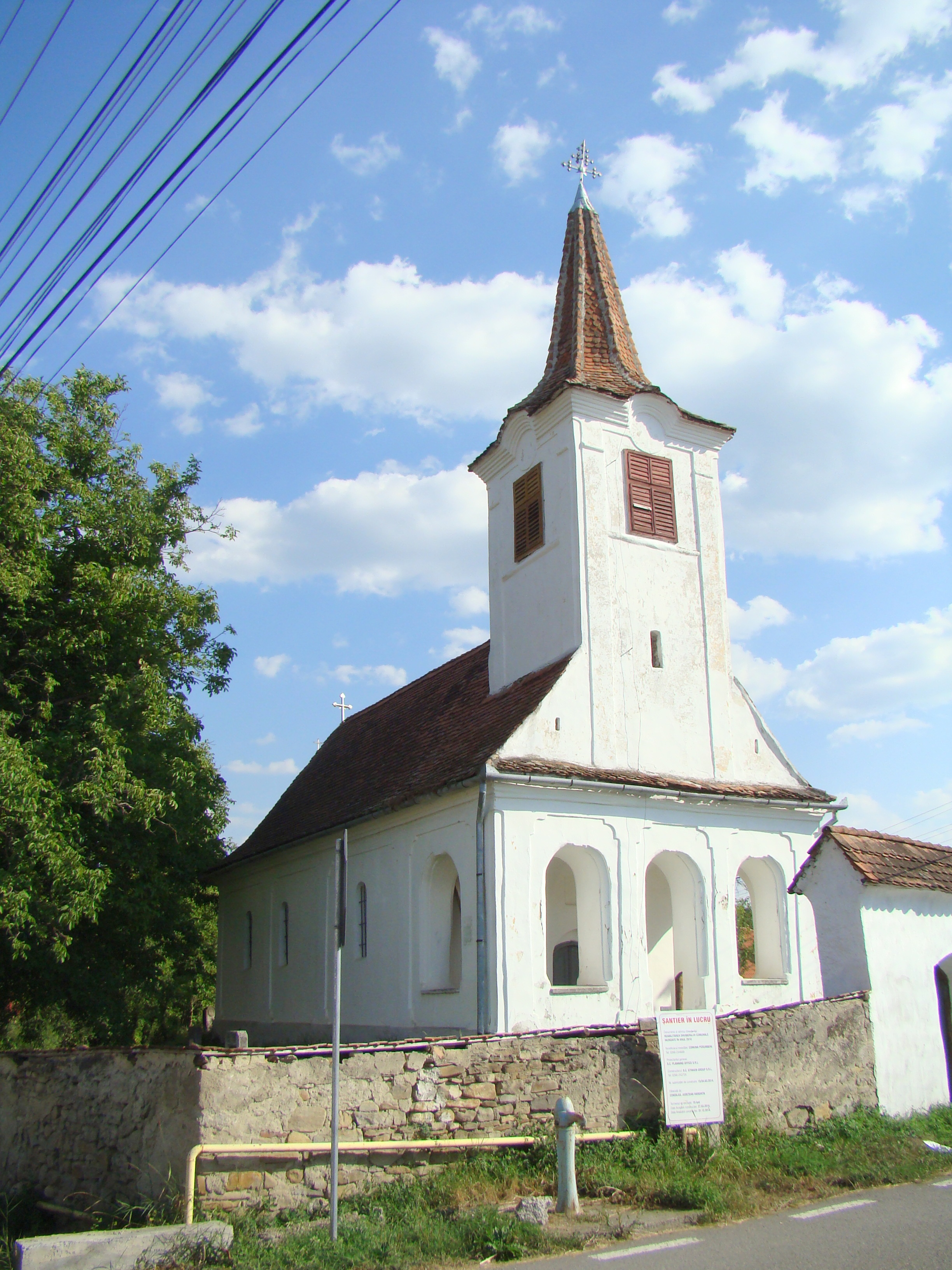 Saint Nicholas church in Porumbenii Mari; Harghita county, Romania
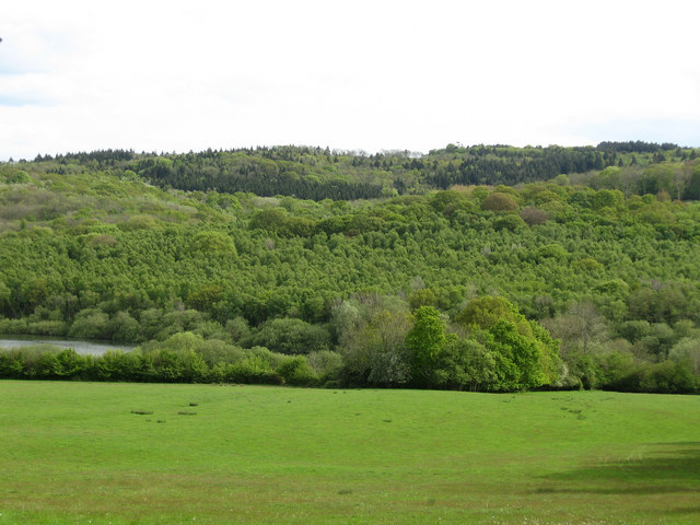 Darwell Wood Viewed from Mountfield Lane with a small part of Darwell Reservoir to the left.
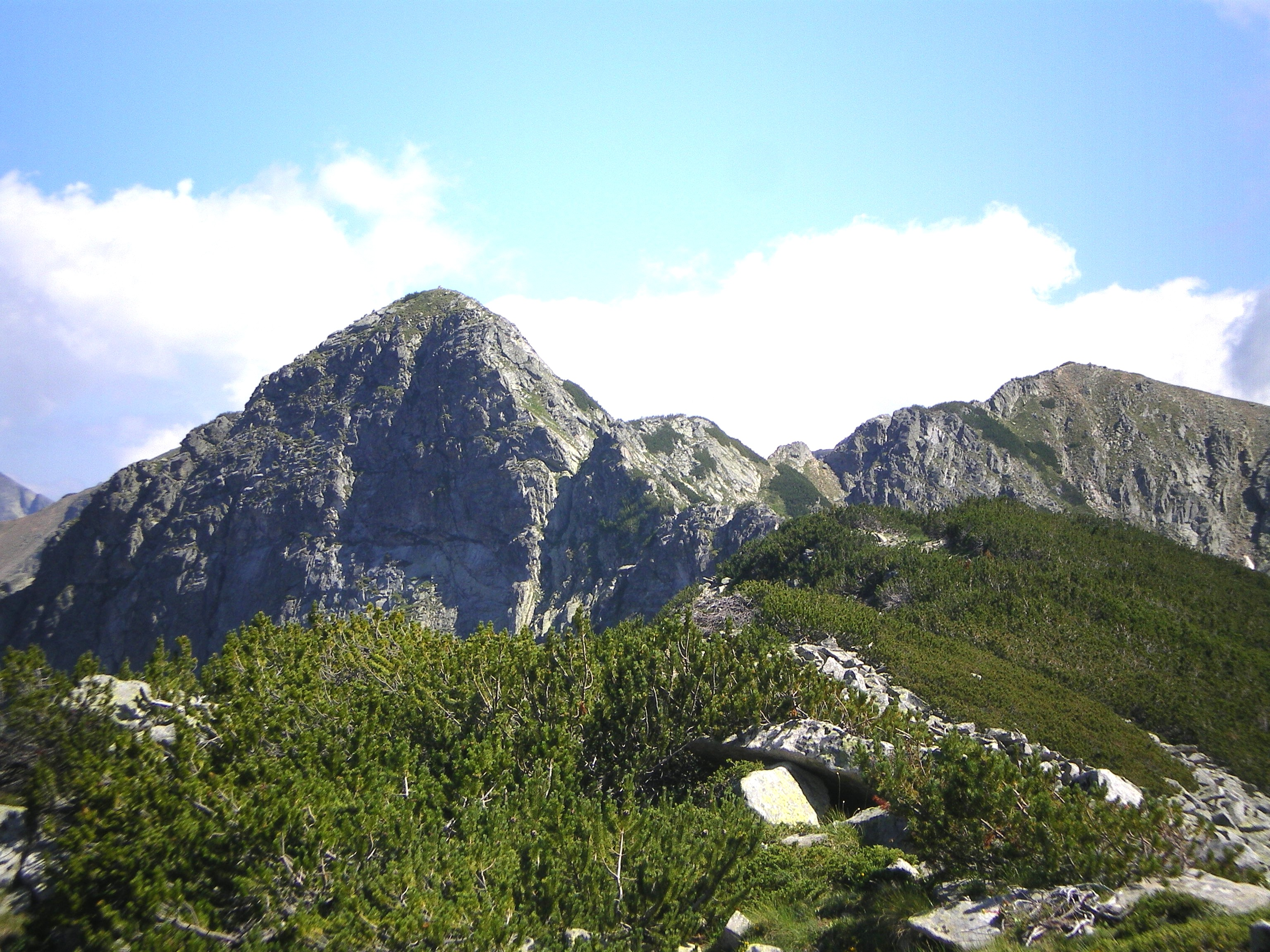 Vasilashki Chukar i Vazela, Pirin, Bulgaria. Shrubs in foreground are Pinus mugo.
★ ★ ★
Assigned task -
The data above must be reproduced exactly, without any of its pictures.

Response to the task -
 Saint Nicholas church in Porumbenii Mari; Harghita county, Romania
 Darwell Wood Viewed from Mountfield Lane with a small part of Darwell Reservoir to the left.
 Vasilashki Chukar i Vazela, Pirin, Bulgaria. Shrubs in foreground are Pinus mugo.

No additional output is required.